(Stored data):

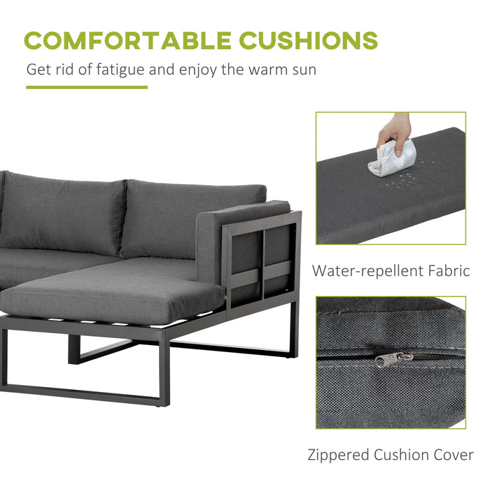 Introducing the epitome of luxury and convenience for your open-air enclaves: a seamless blend of comfort and durability embodied in a stylish L-shaped outdoor lounge set, meticulously designed to enhance your moments under the sun or stars. This versatile configuration includes a plush love seat, an inviting chaise lounge, and a sleek coffee table—the ultimate ensemble for upscale gatherings or tranquil solitude in your personal alfresco retreat.
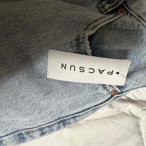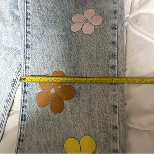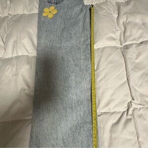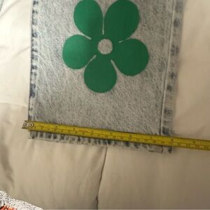 These PacSun jeans feature a vibrant blend of blue and pink hues, enhanced by a unique artistic floral design. The flare and wide leg cut offers a stylish silhouette, making them a standout piece in any wardrobe.
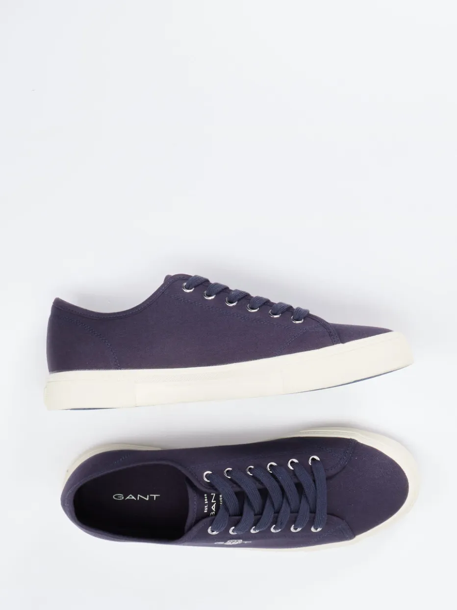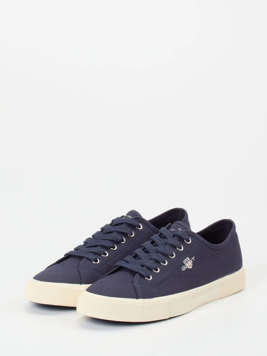 Gant präsentiert einen Low-Top-Sneaker für die Freizeit. Das Modell überzeugt mit einem dunkelblauen Obermaterial aus veganem Textil mit matter Canvas-Haptik und silberfarbenen Metallösen.

(What the exercise asks): Only the pictures are to be left out; restate everything else in the listing word for word.

(Answer box):
 Introducing the epitome of luxury and convenience for your open-air enclaves: a seamless blend of comfort and durability embodied in a stylish L-shaped outdoor lounge set, meticulously designed to enhance your moments under the sun or stars. This versatile configuration includes a plush love seat, an inviting chaise lounge, and a sleek coffee table—the ultimate ensemble for upscale gatherings or tranquil solitude in your personal alfresco retreat.
 These PacSun jeans feature a vibrant blend of blue and pink hues, enhanced by a unique artistic floral design. The flare and wide leg cut offers a stylish silhouette, making them a standout piece in any wardrobe.
 Gant präsentiert einen Low-Top-Sneaker für die Freizeit. Das Modell überzeugt mit einem dunkelblauen Obermaterial aus veganem Textil mit matter Canvas-Haptik und silberfarbenen Metallösen.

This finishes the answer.